Caffeine is a vasoconstrictor. It is unusually good at slight raises of blood pressure and temporary feelings of alertness and euphoria. It is often added in over-the-counter and even prescription pain killers. It is linked to decreases in heart disease and even breast cancer. It has not terrible addictive properties. It is almost impossible to overdose on.

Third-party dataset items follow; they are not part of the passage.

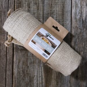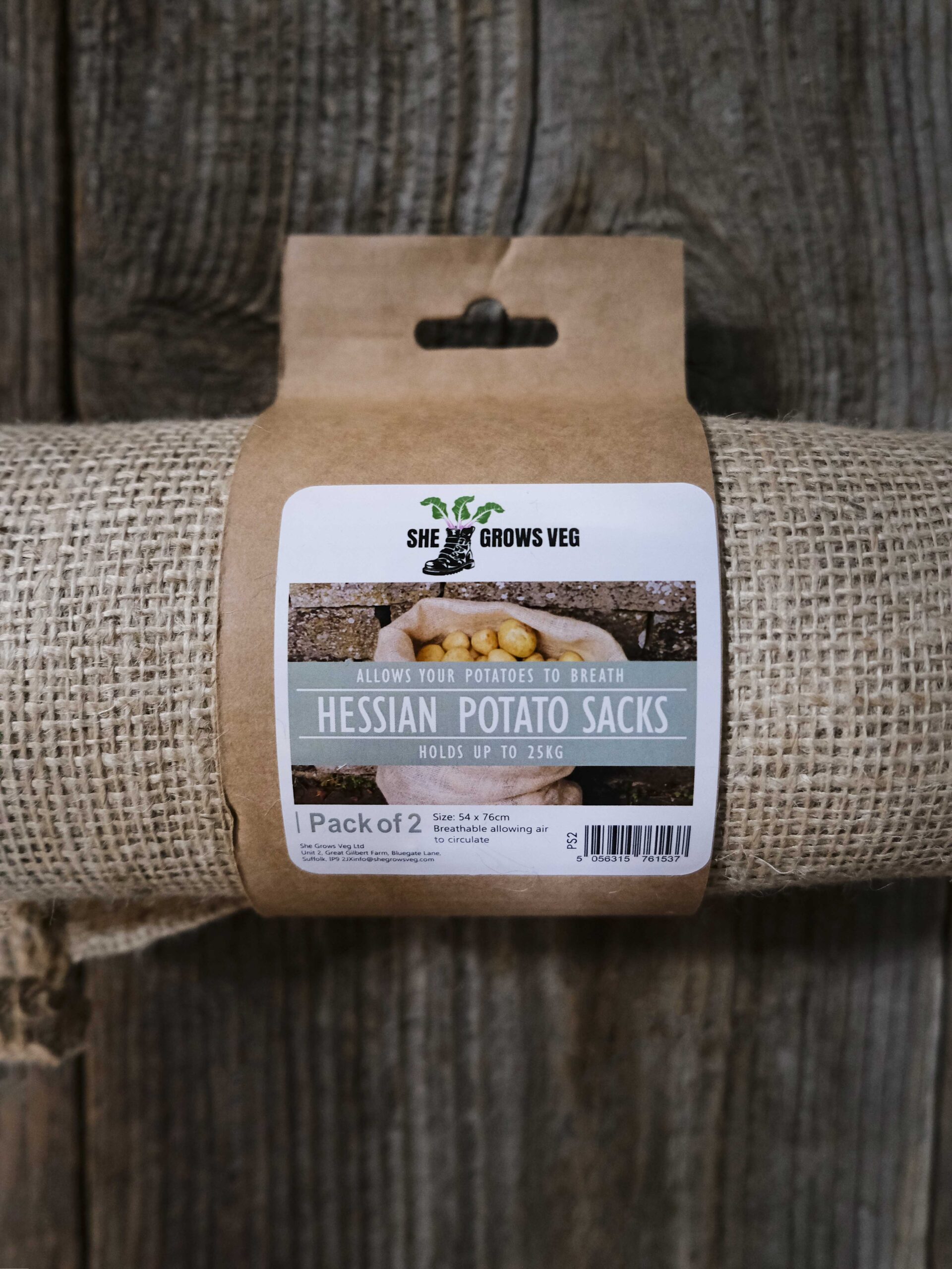 The woven hessian fabric is strong and washable, making it suitable for long term use in the garden or home. Air flow through the fabric keeps potatoes cool and dry, which helps prevent sprouting. Using hessian potato sacks gives you a trusted method to store potatoes without plastic.
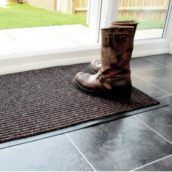 Robuste Schmutzfangmatte mit grober, gerippter Oberfläche.
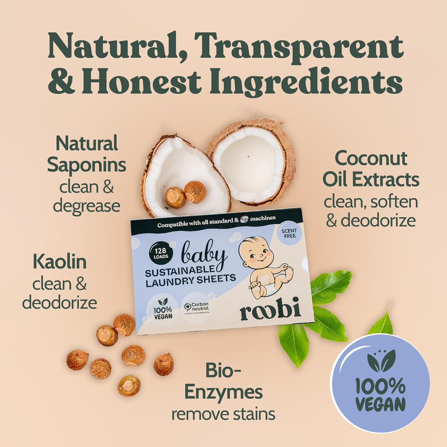 - NO IRRITATION OR RASHES: Roobi Baby Laundry Detergent Sheets are carefully designed to meet the gentle requirements of the baby's sensitive skin. Our allergy-friendly laundry detergent sheets are free from harsh chemicals, paraben, and phosphate. Our 100% vegan and plant-based formula is not just kind to the environment but also to your baby's skin, ensuring no irritations or rashes.

Flip side: It leeches magnesium from your body. Migraine sufferers often have a magnesium deficiency and this in itself is considered a trigger. The raises in blood pressure, while not usually a strain on the heart, is a strain on the vascular system and can increase the chance of stroke. The alertness (hold, I gotta take a sip of coffee....Hmm, that is better), is temporary and one usually "crashes" once the drug wears off. High doses lead to jitters. One does get addicted to caffeine. And, as in most addictions, withdrawal from caffeine leads to more jitters and irritability (like Bobblehead in the morning without his coffee). These lead to a problem well known to migraine sufferers: the rebound headache. Take a vasoconstrictor, go off, allow the veins and arteries to widen allowing more blood flow into certain areas quickly, add withdrawal symptoms, and, well, he's down for the count! More on caffeine and migraines here.

So, what do you do?

Go back to the original advice: keep a food and migraine diary. I did. I showed no correlation at all to anything I ate or drank with my headaches. Mine were always associated with stress, physical triggers (low blood sugar, fatigue, low atmospheric barometric pressure, flashing lights, people that pissed me off...okay, not that last one, but I did want to count that and get disability to keep from going to work!), and rotational motion sickness.

As for coffee...hold on, my cup is empty and I need a refill.